"Вельяминовы" Книги 1-7. Компиляция (СИ) - Шульман Нелли
— А следующим годом и я тебя под венец поведу, Марфа Федоровна.
Новгород, январь 1570 года
Звонил, звонил колокол Святой Софии. Тяжелые бронзовые изукрашенные врата собора распахнулись, и царь, выйдя на паперть, широко раскинул руки.
— Хороша погодка-то, Матвей Федорович!
Морозный, дымный рассвет вставал над городом. Горел Детинец, горела Торговая сторона — на противоположной стороне Волхова, горели посады, Плотницкий и Славенский концы.
Ночью над городом стояло зарево, видное на много верст вокруг.
— Где там собака эта? Обещал я ему, еще как в город въезжал, что мы его с почетом из Новгорода проводим.
Из собора вывели избитого в кровь архиепископа Пимена. При виде его, Иван удовлетворенно присвистнул.
— Что, владыко, хотели вы Новгород и Псков литовскому королю отдать, да не получилось у вас.
— Оговаривают нас, государь, — твердо сказал Пимен. — И в мыслях не было такого, мы престолу служим верно.
— Верно, — протянул Иван, и посмотрел на купола Святой Софии. Восходящее солнце золотило их так, что аж глазам было больно. — Так верно, владыко, что еще дед мой вам не доверял и правильно делал. Только вот государь Иван Великий, храни Господь душу его, кроток был и незлобив, а скверну вашу и ересь каленым железом выжигать надо. — Царь ударил Пимена по лицу.

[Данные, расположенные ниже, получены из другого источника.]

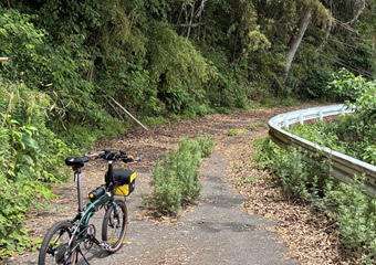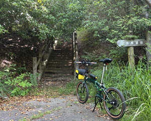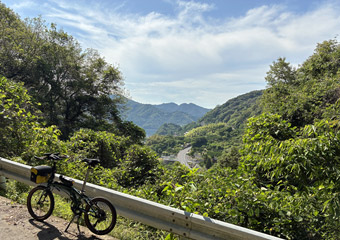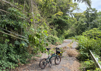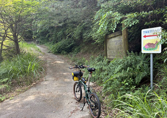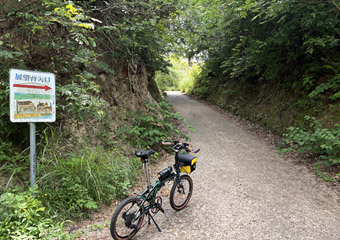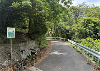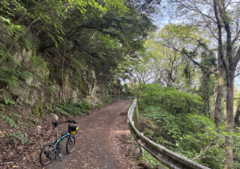 山道はそれなりに急な上り勾配もありそれなりに疲れる道のり。途中でGoogleマップを見て案内板からの進み具合を確認するも、思ったほど進んでいなくて少々気が重くなる。やっぱり小径車で展望台2ヶ所も周るのは欲張りすぎたかなと思いつつも、もう後には引けない所まで進んでしまったので覚悟を決めて(ちょっと大袈裟)空海展望台を目指す。山道はほとんど木々に囲まれていて外の風景は滅多に見られず視覚的に退屈。それと小さな虫が常に顔の周りを飛んで羽音が非常に鬱陶しい。どんだけ手で払っても直ぐにまとわり付いて来るので結構なストレス。6月にもなると木々が茂った場所は虫が多くなるので、暑さだけではなくそのような点でも夏場のヒルクライムは向いていない事を思い出した。 |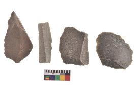 | Description / विवरण | There are n-4 of utilized flake cores. There are multidirectional irregular dominant scar pattern on both dorsal and ventral face of the cores. |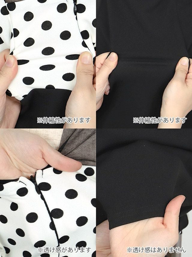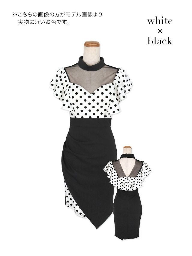ハイネックシアー半袖ドットフリル袖切り替えアシメタイトミニドレスのカラーバリエーション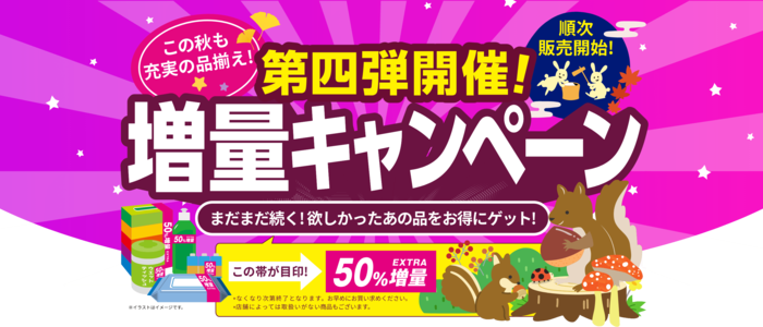 マスク、ティッシュなどの除菌系から、お菓子、サプリメントなどの食品など、お値段そのままに中身が増量した商品が9月より順次発売されます。なかには、50%増量の商品もあり、お得感いっぱいです。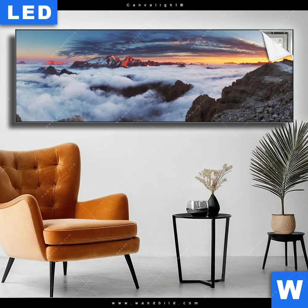 Canvalight® Leuchtbild | Alpen im Nebel | Panorama

Тот покачнулся и осел на покрытые легким снегом булыжники крыльца. Склонившись над архиепископом, царь плюнул ему в лицо. — Развели гнездо змеиное, только и смотрите, чтобы предать меня, Ну так я вас так накажу, что вы с колен не подыметесь более.
— Веди его невесту, Матвей Федорович, — усмехнулся царь, поворачиваясь к Вельяминову.
— С честью владыко из города выедет, как иначе?
Пимена подняли и посадили на белую кобылу, прикрутив его ноги к седлу. В нищенских тряпках он казался совсем жалким — тщедушный, седой, лицо запухло от кровоподтеков.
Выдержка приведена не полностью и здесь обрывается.